■ Exercise brief: From the first line of the listing below, retype each line up to and including the one with "다운로드 받은 설치 파일을"; pictures stay out.

■ Material for the task:
┄┄┄┄┄┄┄┄┄┄┄┄┄┄┄┄┄┄┄┄
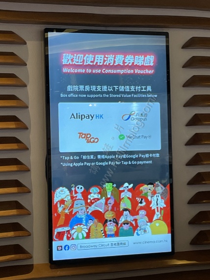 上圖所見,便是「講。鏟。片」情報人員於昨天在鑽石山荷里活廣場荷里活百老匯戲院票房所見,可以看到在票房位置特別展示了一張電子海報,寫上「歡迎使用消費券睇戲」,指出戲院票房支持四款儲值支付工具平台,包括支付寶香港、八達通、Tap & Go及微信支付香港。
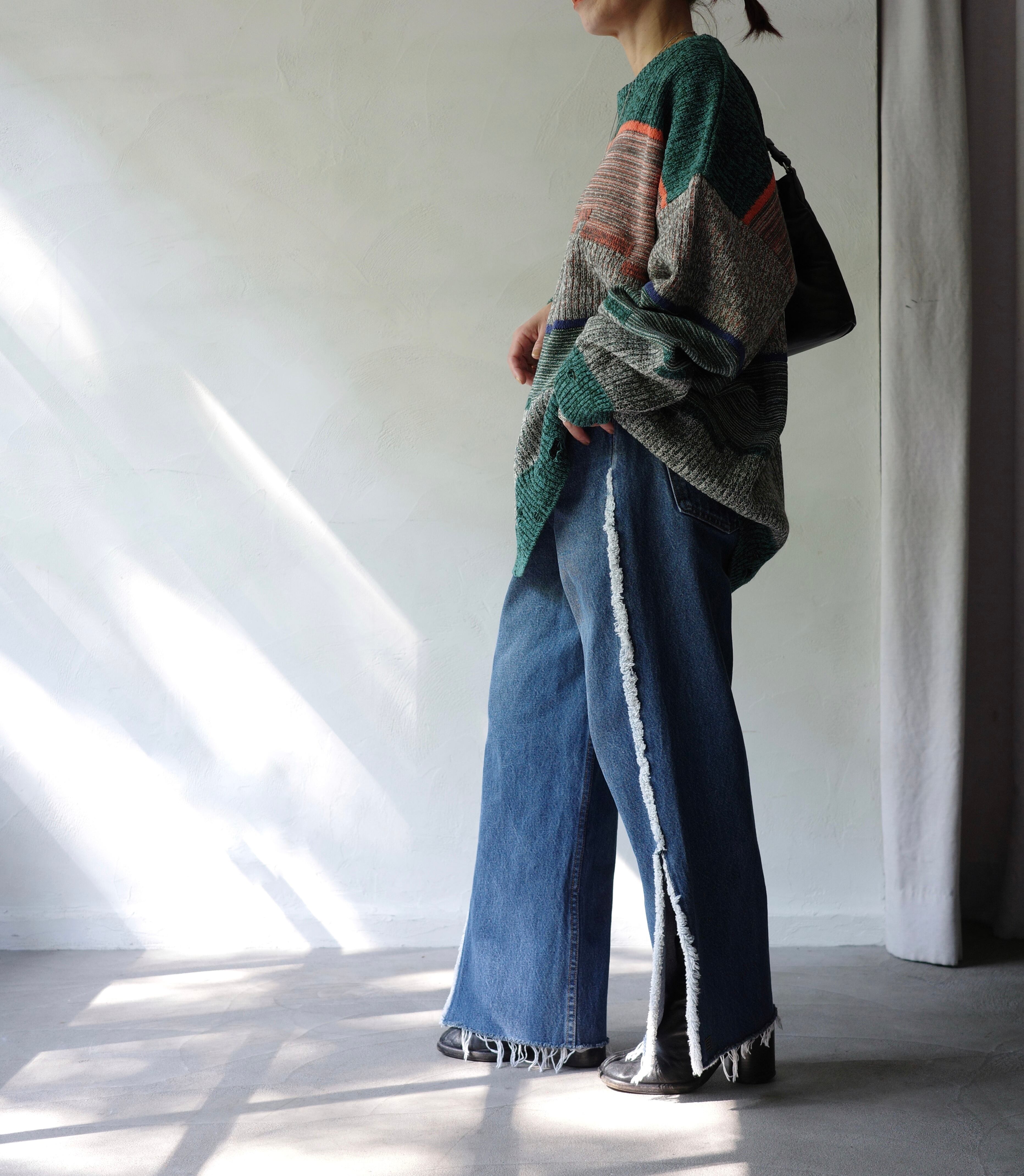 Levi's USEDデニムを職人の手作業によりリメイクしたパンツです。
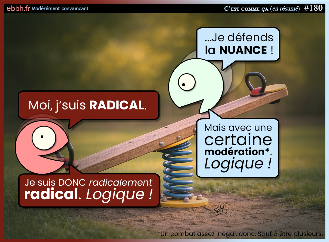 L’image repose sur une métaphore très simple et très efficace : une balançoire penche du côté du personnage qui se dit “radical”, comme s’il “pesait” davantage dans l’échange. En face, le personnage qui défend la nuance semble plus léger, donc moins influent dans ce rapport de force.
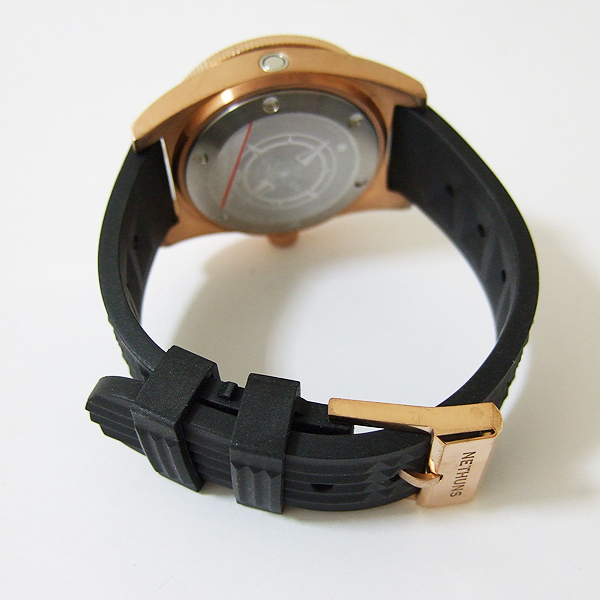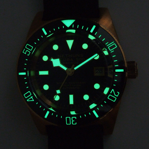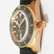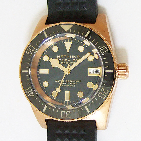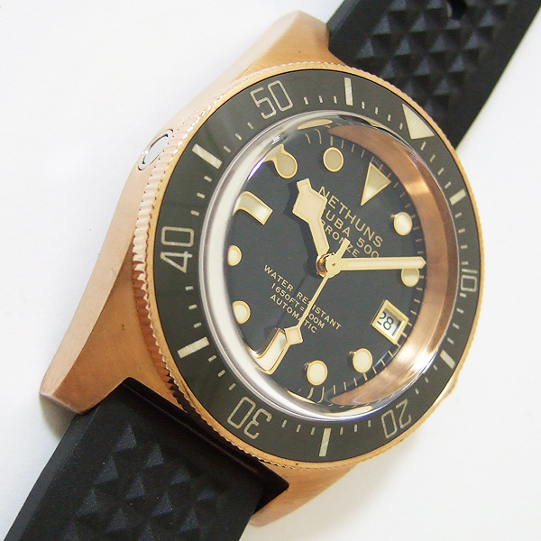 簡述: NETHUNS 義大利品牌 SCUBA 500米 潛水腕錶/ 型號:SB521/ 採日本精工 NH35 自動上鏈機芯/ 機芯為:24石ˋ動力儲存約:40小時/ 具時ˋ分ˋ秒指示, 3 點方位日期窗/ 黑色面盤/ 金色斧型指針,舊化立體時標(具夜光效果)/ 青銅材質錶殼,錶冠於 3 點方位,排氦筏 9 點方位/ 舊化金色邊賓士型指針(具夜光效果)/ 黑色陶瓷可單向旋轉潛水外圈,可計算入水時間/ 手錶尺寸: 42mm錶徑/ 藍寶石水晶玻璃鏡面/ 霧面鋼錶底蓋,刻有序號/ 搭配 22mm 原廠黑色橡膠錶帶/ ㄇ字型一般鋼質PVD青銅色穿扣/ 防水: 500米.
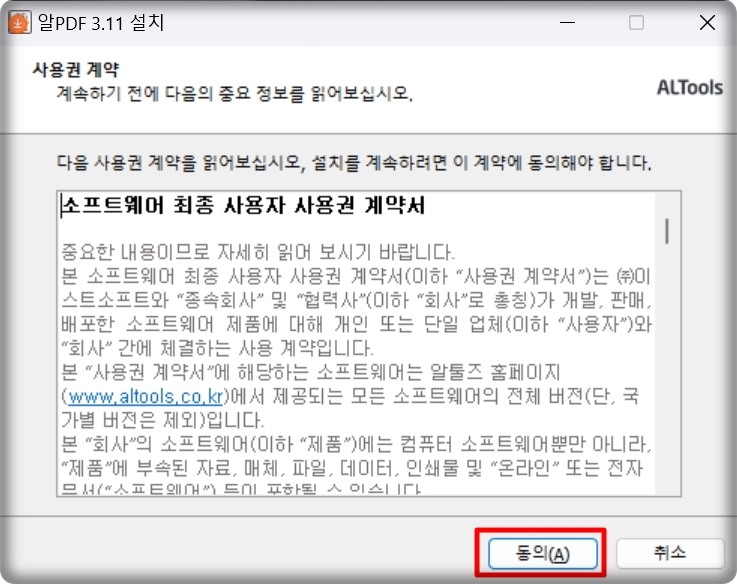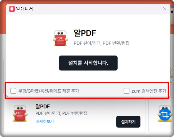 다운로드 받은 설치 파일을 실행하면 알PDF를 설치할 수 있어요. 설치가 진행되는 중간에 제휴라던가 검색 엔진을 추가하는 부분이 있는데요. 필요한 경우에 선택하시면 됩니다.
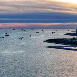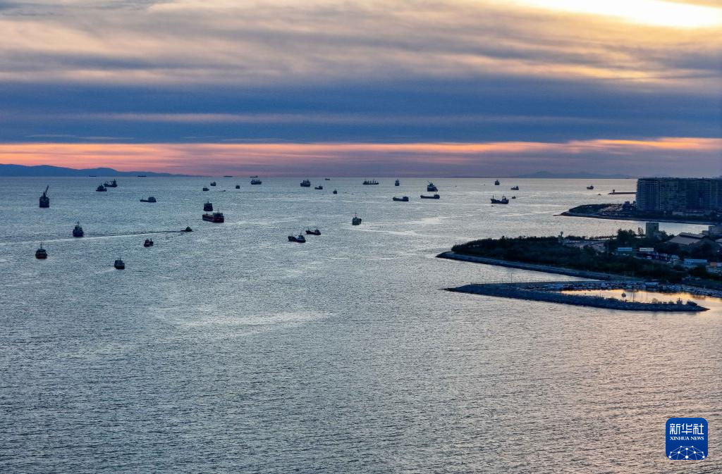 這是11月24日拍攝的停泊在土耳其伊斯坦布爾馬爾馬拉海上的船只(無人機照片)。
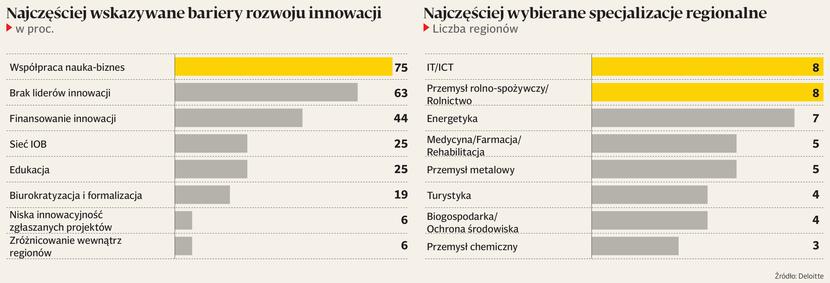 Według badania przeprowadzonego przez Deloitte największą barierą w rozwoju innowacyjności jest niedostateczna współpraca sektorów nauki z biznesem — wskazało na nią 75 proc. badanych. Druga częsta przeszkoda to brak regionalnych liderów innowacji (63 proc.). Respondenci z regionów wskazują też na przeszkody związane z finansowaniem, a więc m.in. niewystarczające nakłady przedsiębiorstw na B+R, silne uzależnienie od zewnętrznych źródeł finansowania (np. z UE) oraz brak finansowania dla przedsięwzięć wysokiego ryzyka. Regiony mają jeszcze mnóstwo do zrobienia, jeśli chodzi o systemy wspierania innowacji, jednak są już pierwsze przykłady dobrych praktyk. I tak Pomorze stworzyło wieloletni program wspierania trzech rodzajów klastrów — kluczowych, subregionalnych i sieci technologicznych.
┄┄┄┄┄┄┄┄┄┄┄┄┄┄┄┄┄┄┄┄
■ Exercise response:
 上圖所見,便是「講。鏟。片」情報人員於昨天在鑽石山荷里活廣場荷里活百老匯戲院票房所見,可以看到在票房位置特別展示了一張電子海報,寫上「歡迎使用消費券睇戲」,指出戲院票房支持四款儲值支付工具平台,包括支付寶香港、八達通、Tap & Go及微信支付香港。
 Levi's USEDデニムを職人の手作業によりリメイクしたパンツです。
 L’image repose sur une métaphore très simple et très efficace : une balançoire penche du côté du personnage qui se dit “radical”, comme s’il “pesait” davantage dans l’échange. En face, le personnage qui défend la nuance semble plus léger, donc moins influent dans ce rapport de force.
 簡述: NETHUNS 義大利品牌 SCUBA 500米 潛水腕錶/ 型號:SB521/ 採日本精工 NH35 自動上鏈機芯/ 機芯為:24石ˋ動力儲存約:40小時/ 具時ˋ分ˋ秒指示, 3 點方位日期窗/ 黑色面盤/ 金色斧型指針,舊化立體時標(具夜光效果)/ 青銅材質錶殼,錶冠於 3 點方位,排氦筏 9 點方位/ 舊化金色邊賓士型指針(具夜光效果)/ 黑色陶瓷可單向旋轉潛水外圈,可計算入水時間/ 手錶尺寸: 42mm錶徑/ 藍寶石水晶玻璃鏡面/ 霧面鋼錶底蓋,刻有序號/ 搭配 22mm 原廠黑色橡膠錶帶/ ㄇ字型一般鋼質PVD青銅色穿扣/ 防水: 500米.
 다운로드 받은 설치 파일을 실행하면 알PDF를 설치할 수 있어요. 설치가 진행되는 중간에 제휴라던가 검색 엔진을 추가하는 부분이 있는데요. 필요한 경우에 선택하시면 됩니다.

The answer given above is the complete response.